Drizzle AM, Cool - Clearing at noon - Sun and sparkling afternoon
Paddle 10 NM in HR.

Still light drizzle when I get up. Lug all my stuff back to the boat and out on the water by 9 am. Crossing Seaforth channel is easy - very moderate waves and no boat traffic.

Gale passage is very different than other places I've paddled. Feels like a creek more than a salt water channel but it has all the salt water vegetation. In the middle the chart indicates "tidal rapids", which worry me. When I arrive I land and scout them from the water. Looks like a short fast section of a river - nothing challenging at all. I go through once, paddle back UP through the rapids, then through again, cutting over the eddy line to see how that feels.


Entering Gail Passage


The tidal rapids.

From here my small channel opens up. I turn left and paddle through more small channels, this time going against the current. The channel opens up again. This feels like I'm paddling through a chain of lakes and streams. I paddle across one bay and find a creek I saw on the map. After filling water I walk up stream a short ways. All morning I've heard small fresh water creeks and getting water would not be a problem.


Sparkling water


In Waskesiu Pass


The lagoon I landed in

As I come out into Queens sound the sky has cleared and water is sparkling. Distant islands on the horizon beckon to me. But I've been in the boat for a while so I stop for a break.

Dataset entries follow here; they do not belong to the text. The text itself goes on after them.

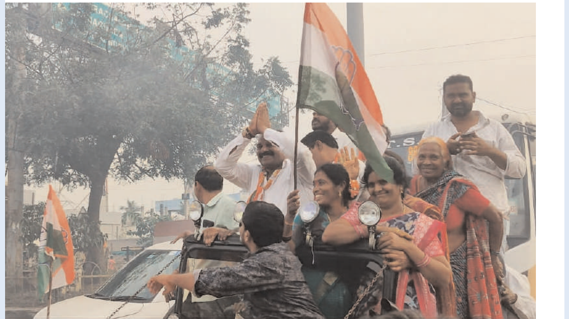
భద్రాద్రి కొత్తగూడెం, డిసెంబర్ 3 (అక్షరం న్యూస్)
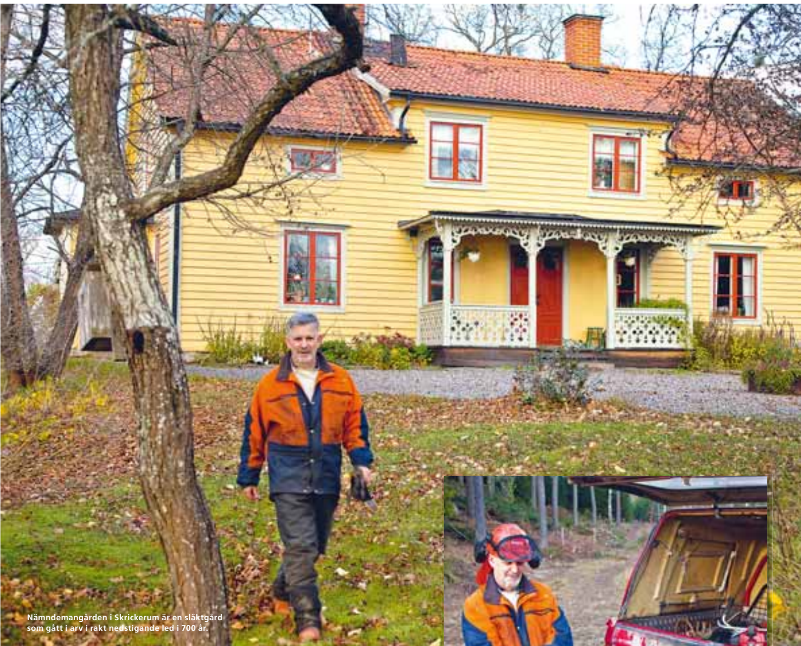
Nämndemangården i Skrickerum är en släktgård som gått i arv i rakt nedstigande led i 700 år.

en klassresa och skapat sig en karriär inom politik, vetenskap, företagande med mera. Arbetsnamnet är "Från Nils Dacke till Astrid Lindgren och Anders Wall".
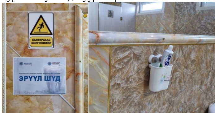
Зураг Эрүүл шүд-Эрүүл ирээдүй аян
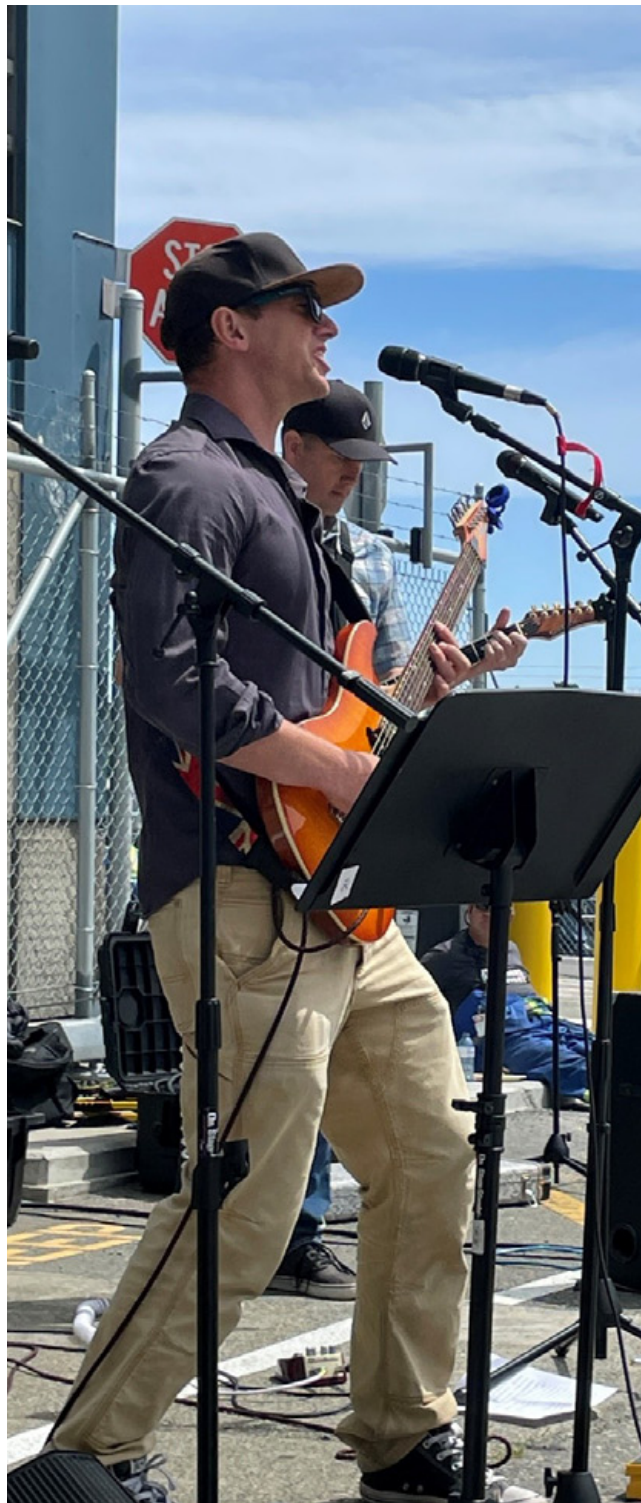
Le groupe s'est également produit lors de la soirée pizza de la Semaine nationale de la fonction publique de la FMFCB en juin.
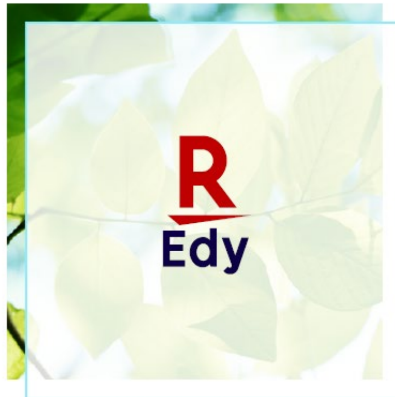
写真の上に70-90%の白色の調整レイヤーを使用
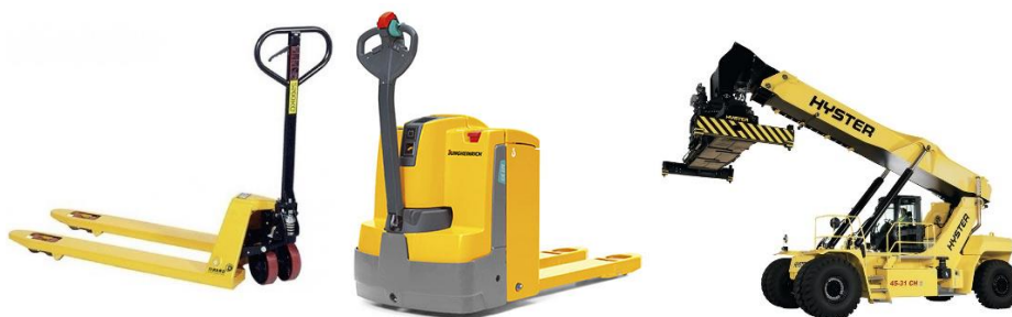
Sl. 8. Viličari različitih namjena
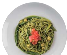
アスパラガスと小柱の ジェノバソース ¥1,250 Genovese
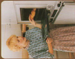
2-Flammiger, zündgesicherter Gasherd und Gasbackofen mit Grill. 12-V-Dur斯拉bzugs- haube.

Die 12-V Eigenversorgung durch Batterie, gekoppelt mit automatischem Ladegerät macht den improvisierten Aufenthalt abseits des Weges zum komfortablen Wochenenderlebnis.
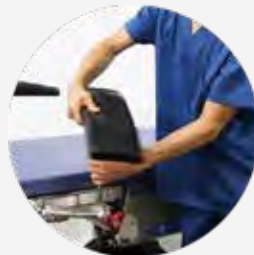
アームプレートの動き
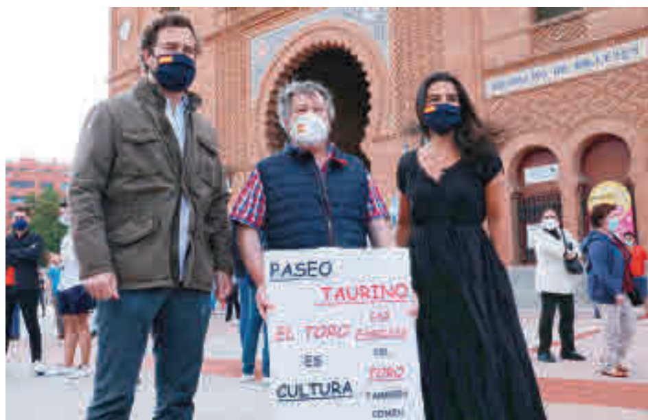
‘PINCHAZO’ DE UNA INICIATIVA: el pasado sábado 13 de junio estaba convocado un paseillo por diferentes ciudades para reivindicar la fiesta de los toros. Por ejemplo, en Sevilla se estima que participaron unas 2.000 personas. En Madrid, la iniciativa no se pudo llevar a cabo, después de que la Delegación del Gobierno no la permitiera, asegurando que se había presentado “fuera de plazo”.

MIGUEL ABELLÁN: “ES IMPOSIBLE RECUPERARSE DE ESTA SANGRÍA ECONÓMICA”
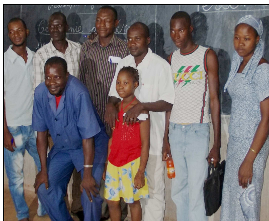
AMEPRE au Mali
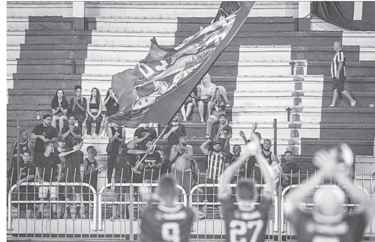
Diretoria disponibilizou 500 ingressos para a torcida em promoção que comemora os 46 anos do Volta Redonda

tas nos seguintes locais: Sede social do Volta Redonda FC, na Rua Ronald Jarbas, número 200, bairro São Lucas; Drogarias Povão nos bairros Amaral Peixo-
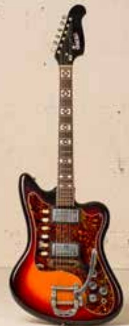
— Supro Lexington (1968) —
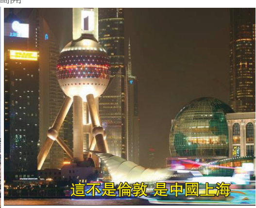
這不是倫敦 是中國上海
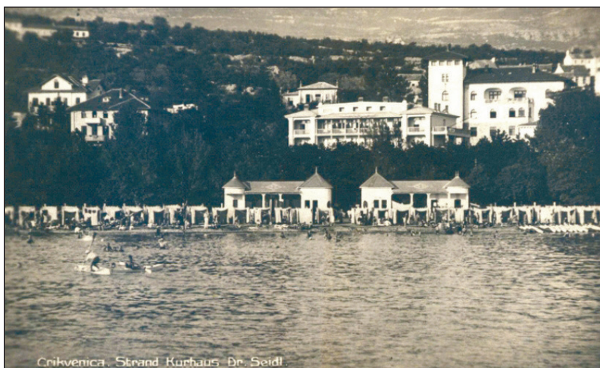
Slika 4. Dom Dr. Oskar Seidl Figure 4 Dr Oskar Seidl's Home

nadvojvotkinja Clotilda preuređuje u Ladislavov dječji dom (Laszlo Gyermekötthon – Ladislaus Kinderheim – Ospicio marino) prema imenu njihova nesretno, u lovu, poginula sina [2,3,10]. Tu su se od 14. travnja 1898. liječila i oporavljala djeca iz čitave države. Kupalište doma uređeno je prema Kneippovu sistemu [3]. Poslije, tj. nakon Prvoga svjetskog rata, to je bio Dječji dom kojem je od 1919. do 1931. ravnatelj bio Vladimir Nazor [1,6,7,10].
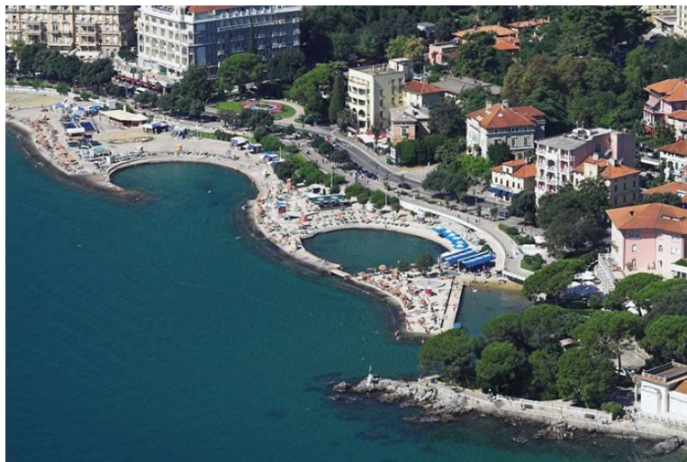
Slika 6. Plaža Slatina

Osim predstavljenih šetališta, Opatija ima i veliku ponudu kupališta. Veća kupališta razlikuju se jedno od drugog s obzirom na uslugu koju nude te ciljanoj populaciji; Tomaševac je sa svojim igralištem i restoranom „Del mare“ prilagođen obiteljima s manjom djecom, Slatina i Ičići su velike betonsko-pješčane plaže s brojnim sportskim sadržajima, restoranima i kafićima, Lido s „Bevanda beach resort“ te hotelske plaže Royal i Savoy nude otmjeniju uslugu za goste s većim financijskim mogućnostima, a u ponudi je cijeli niz manjih kupališta kao što su Ika, Črnikovica, Škrbići te plaža za pse na Punta Colovi. Zbog svojih početka, kada se Opatija brendirala kao turistička destinacija za imućnije, Opatija je prepuna malih bezimernih plaža građenih kao privatni izlaz na more primorskih vila koji su u međuvremenu postali javno dobro zbog modernih zakona o pomorskom dobru, što ljudima pruža veliki broj manjih i mirnijih plaža.
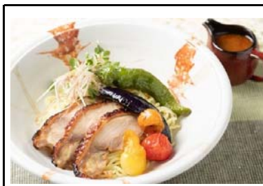
1 大津SA(上) 近江黒鶏チャーシューの冷やし麺
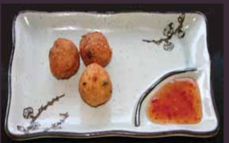
Yasai ball vegetarische balletjes
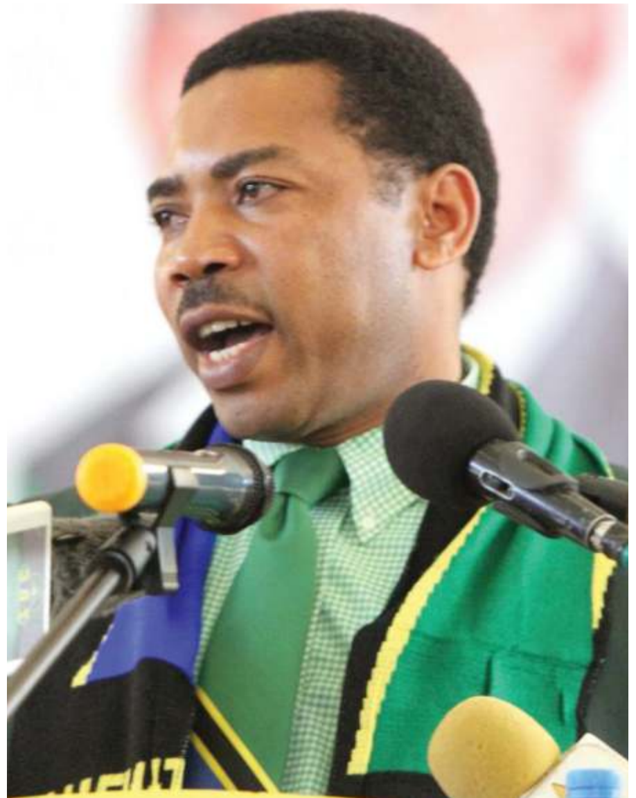
Mbunge wa Iramba Magharibi, Dk. Mwigulu Nchemba.
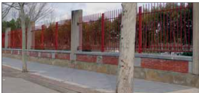
Uno de los quioscos irá en la entrada del parque de La Quebradilla.

Por otra parte, continúa el procedimiento administrativo iniciado por el Ayuntamiento para adjudicar la gestión de la cafetería de la Casa de la Cultura.
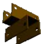
spojnica za križanje cijevi
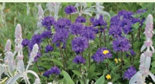
Die Knäuel-Glockenblume bringt Abwechslung in Ihr Staudenbeet. Hier in Verbindung mit dem Wollziest.

Ihren Namen verdanken Glockenblumen der Form ihrer hübschen Blüten. Diese sind meist lila oder blau in unterschiedlichen Intensitäten. Hierdurch lassen sie sich hervorragend etwa mit Rosen oder Storchschnäbel kombinieren. Die Gattung der Glockenblumen zeichnet sich durch eine bemerkenswerte Vielfalt aus. Die einzelnen Arten unterscheiden sich unter anderem in der Anordnung der Blüten, der Wuchshöhe und der Anforderungen an den Standort. Glockenblumen mit moderater Größe sind beispielsweise die Pfirsichblättrige oder die Knäuel-Glockenblume. Die Wald-Glockenblume wiederum hat den Charakter einer Großstaude. Zu den Zwergen gehört etwa die Kaparten-Glockenblume. Dadurch passen Glockenblumen in jeden Garten. Im Zeitraum von März bis Oktober können Glockenblumen gepflanzt werden. Der Boden sollte dabei gut durchlässig sein. Schweren Böden kann Sand beigemischt werden. In der Regel sollte der Standort sonnig bis halbschattig gewählt werden. Einzelne Arten bevorzugen es jedoch auch schattig. Daher sind die artenspezifischen Ansprüche bei der Wahl des Standorts zu berücksichtigen. Einmal gepflanzt, benötigen Glockenblumen nicht viel Pflege. Sie sind moderat zu gießen. Ein Rückschnitt erfolgt nach dem Winter. Ältere Exemplare können im Frühjahr oder Herbst durch Teilung verjüngt werden. ab
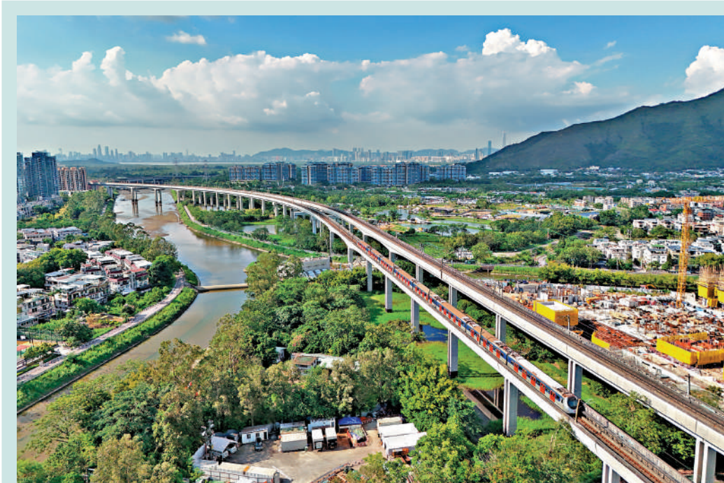
▲北環綫主線將經過凹頭，並設有中途站。

連接北環綫及東鐵線的古洞站，已於2023年率先動工，並於去年11月項項，現正進行站內裝修及機電屋宇設備安裝，預計可如期於2027年投入服務，配合古洞北新發展區主要人口遷入的時間。
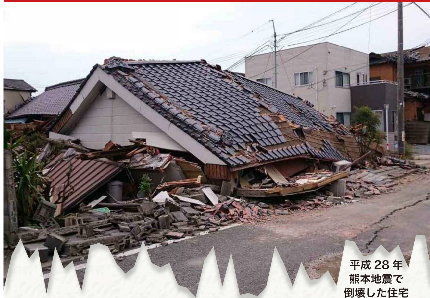
平成28年熊本地震で倒壊した住宅
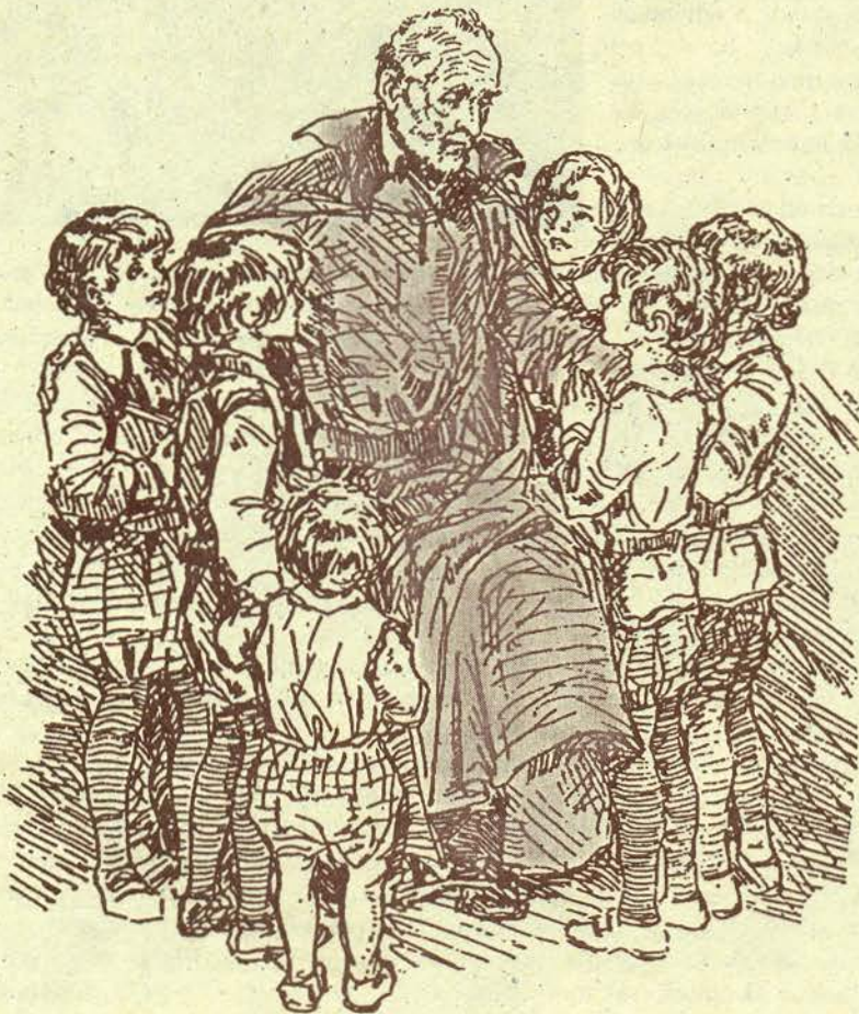
Kalazanci Szent József (1557-1648)
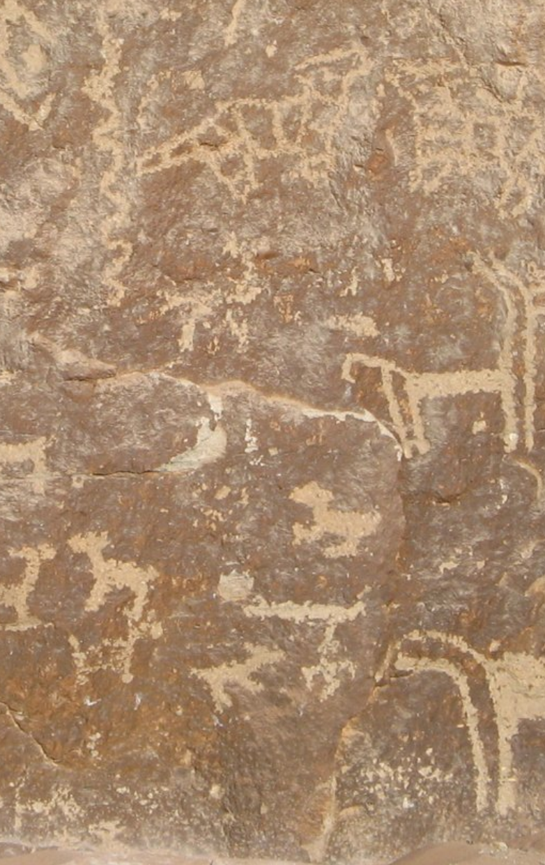
Fig. 22 Detalle de la Patina y soporte de los petroglifos.

Debemos tomar en cuenta, que la poca presencia de personajes antropomorfos que se relacionen a las actividades representadas en el panel, podrían interpretarse como una intencionalidad de mostrar a los viajeros y pobladores, que transitaron por estos lugares, una rica fauna y algunas posibles rutas o mapas, debido a la diversidad de recursos que no solo posee el valle, sino que se están importando de otros lugares, destacan también el significado y el simbolismo de animales muy venerados en el mundo andino como las aves, los felinos y las serpientes representados en La Laja.
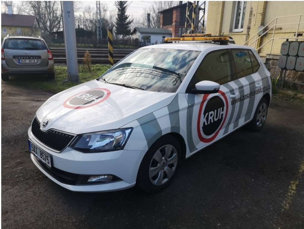
Pohled zepředu zleva
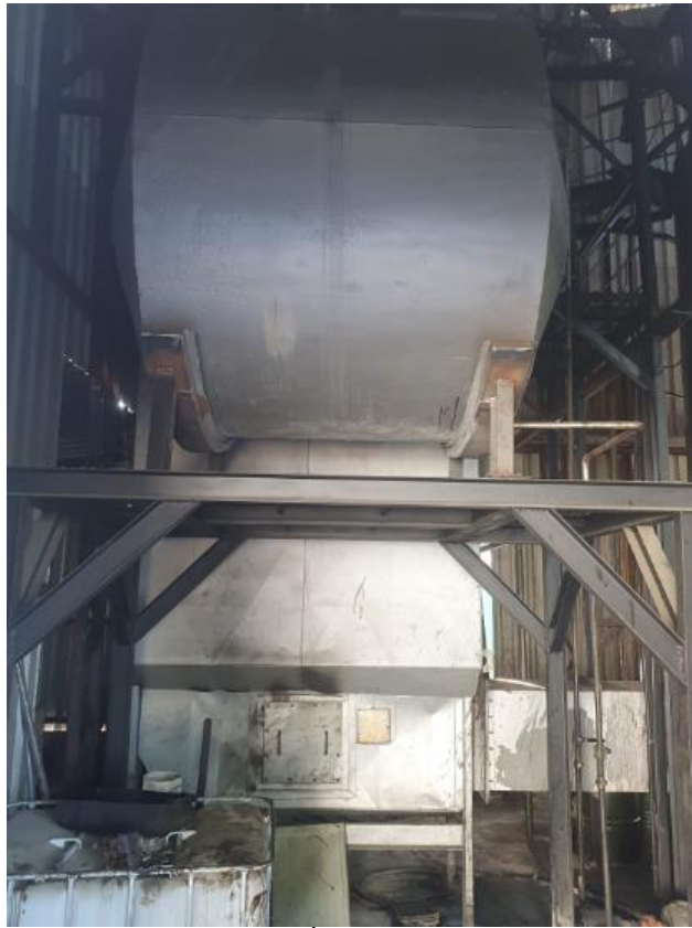
Figura 42 - UTENSÍLIOS E EQUIPAMENTOS.
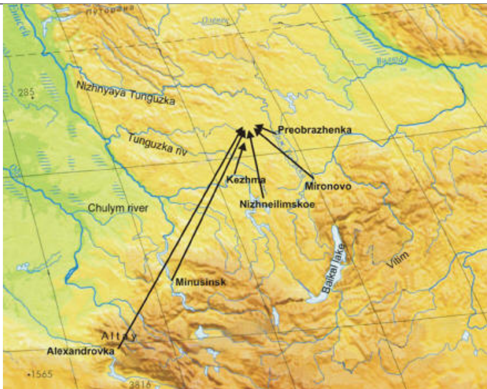
Mappa della regione indicante le traiettorie aeree dei diversi oggetti.

Negli archivi dell'ex Osservatorio Meteorologico e Magnetico di Irkutsk, i ricercatori sono riusciti a scovare delle annotazioni scritte da A. K. Kokorin , osservatore meteorologico presso la stazione sul fiume Kezhma, a circa 600 chilometri di distanza dal luogo dell'esplosione di Tunguska. Nel suo registro delle rilevazioni del giugno 1908, la sezione denominata "Note" contiene un'annotazione di eccezionale importanza, la quale indica che nella circostanza in questione vi era più di un corpo in volo.
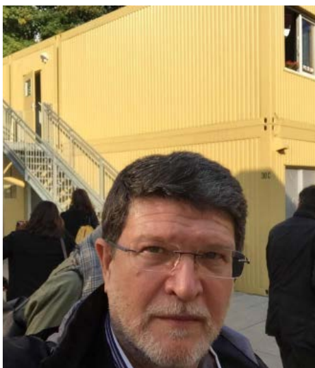
RADNI POSJET CENTRIMA ZA PRIHVAT I INTEGRACIJU IZBJEGLICA, HAMBURG, 20.10. 2015.
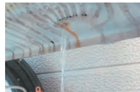
設置から10年以上経過したホームタンクで、内部に水が溜まって穴が空き灯油が流出した事例
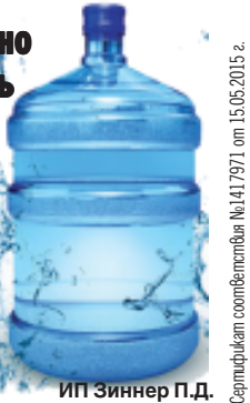
ИП Зиннер П.Д.

Наша вода – мягкая и приятная на вкус, при ее кипячении совершенно не образуется накипь. Ее можно пить без кипячения. Рекомендуется для приготовления пищи, для людей любого возраста, имеет достаточно низкий уровень минерализации, что позволяет пить воду в неограниченном количестве без ущерба для здоровья.

It's easy to find a place where I can get out of the boat. The challenging part is securing the boat. Dragging a loaded boat across sharp rocks will scrape the shit out of it. Leave it in the water and it will bang around. Worse, the tide is usually coming or going so any solution is temporary. Today the tide is going. I pull the boat up and lay it gently on the rocks. But every 10 minutes I have to go down and easy it out a little. If I don't it will end up well beached on the rocks and I'll have to empty it before I can move it back to the water.

After my break I paddle west through Waskesiu Pass. This opens into a small bay with several small islands and open ocean beyond. I pick one of the islands and land in a protected lagoon on the north side. The lagoon has a white sandy bottom (but rocky shore) and sparkles light green in the sun. I've learned a little about looking for good camps: small islets with a drying bar connecting it to the land may have good camping on that, provided the bar is high enough.

I'm learning to predict tide height by looking at the bands on the rocks.

In inner passages these zones are quite distinct but on shore lines washed by wave action they are less distinct. The barnacles get covered by most high tides. This is the line of barnacle proliferation, not scattered barnacles in shady spots. Above that is a lighter band. Last lights high neap tide (13.6 ft.) covered about half of this.

Next a black band. This is about the 15' mark. I think this gets reached by most full moon tides and covered by most new moon tides (~17 ft.).

Finally, more white rock with lichen and some green grass. This probably only gets covered at extreme high tides or washed by large waves.

So, on my island I find some very nice sand high on the bar, and a small space among the drift wood up near the vegetation. My guess is that neither will be covered tonight. But, unsure, I choose the higher and set about making it comfortable. I clear out the large rocks and level 1 sleeping space. I haul up 4 loads of sand for fill. I could sleep on the rocks, but it is easier on the equipment to have an even sandy bed.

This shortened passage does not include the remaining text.